Landing the Bee: Keenan-Bolger caught the eye of Bee composer/lyricist Finn while performing in a reading at NYU's Graduate Musical Theatre Writing Program, where Finn is on the faculty. "Bill was hanging around. He was just generally present," she recalls. "He came up to me and said, 'I'm writing this show, and you would be great for it.' Then, he kept my name in the pot when they were casting. He's been instrumental." Keenan-Bolger can also claim involvement in another of this year's successful shows. She spent two years developing the role of Clara in The Light in the Piazza which earned Kelli O'Hara a spot as Keenan-Bolger's competition in the Featured Actress in a Musical category before joining the Spelling Bee team. "I feel unbelievably lucky to have worked on both of these shows," she says, "At the end of the day, it's most thrilling to me that [Piazza composer] Adam Guettel and Bill Finn are represented in such a great season. I'm very close friends with Kelli O'Hara, and of course Victoria Clark, so I'm very proud to have worked with them and to be nominated with them, because I know how talented they are... Really, the way things have worked out with these two shows, it's the perfect possible situation."

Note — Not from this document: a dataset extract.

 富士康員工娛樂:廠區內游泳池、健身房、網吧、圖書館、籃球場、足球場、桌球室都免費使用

Inner Child: In so many shows, adults attempting to play children come off as just plain creepy. For Keenan-Bolger, who skillfully avoids such an eerie impression, there's a formula to success. "James [Lapine, the director] would say, 'Do less,' and that was the best guidance I could have gotten. When you're playing a kid, you think you need to add all these kid-like things, these affectations, but we realized that it's all about what you take away. It's losing artifice. You have to just let it be; you can't force it. This is what makes kids honest and quirky and multifaceted." As Olive, Keenan-Bolger is in many ways the "straight man" of Spelling Bee, earning fewer laughs per minute than her off-the-wall castmates. However, she gets the show's two most touching tunes, "My Friend the Dictionary" and "The I Love You Song." "There's a bit of a sad, insecure place I need to go to," she says. "Some days are easier than other. There are just times when you don't want to go there, if you're having a blue day already. But I'll tell you, I've rarely enjoyed something so much, from an actor's standpoint. In some shows, you have to make your mark in one scene, but I'm onstage the whole time."

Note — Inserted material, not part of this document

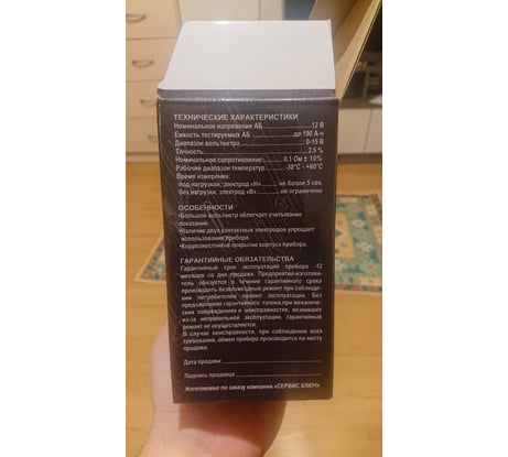 Корпус изготовлен из качественного алюминия и покрыт антикоррозийным покрытием. На приборе имеется удобный и большой вольтметр (диапазон 0-15В) для считываний показаний и двумя контактными электродами и зажимом типа «Крокодил», провод длиной 50 см. Ручка резиновая, длиной 90 мм. Вилка упакована в коробку и поставляется в собранном виде. Габариты - 125х65х60 мм, вес - 500 гр.

New Wave: When asked if there are any roles she fantasizes about tackling in the future, Keenan-Bolger says, "I don't have roles that I think about. I feel such an allegiance to new work that I have composers that I dream of working with: people like Jeanine Tesori, Nathan Tyson and Chris Miller, just to name a few... I've been very lucky to do almost exclusively new musicals. It's the collaboration process that I love. As an actor, your input and your ideas are more a part of the process. Things can be built around you. It's an amazing position to be in... Musical can be very product-oriented, and I don't mean that to be negative, but doing something in the infant stages make it feel like it's yours and you own it."

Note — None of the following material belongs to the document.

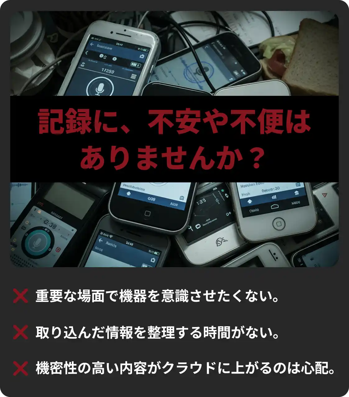 録音した音声は、専用アプリが瞬時に文字起こしと要約を生成。議事録作成の手間を根本から省きます。 |

Preparing for the Big Moment: "The whole experience--It just feels so much larger than me," Keenan-Bolger says of her Tony nod, one of six for the show. "The bottom line is that I feel very taken care of. There are so many people in this business who do great work, so this was a huge surprise. With things like this, I always think I won't be nervous, and then I wish I'd prepared more. I'm trying to take advice to heart and appreciate the experience and enjoy it."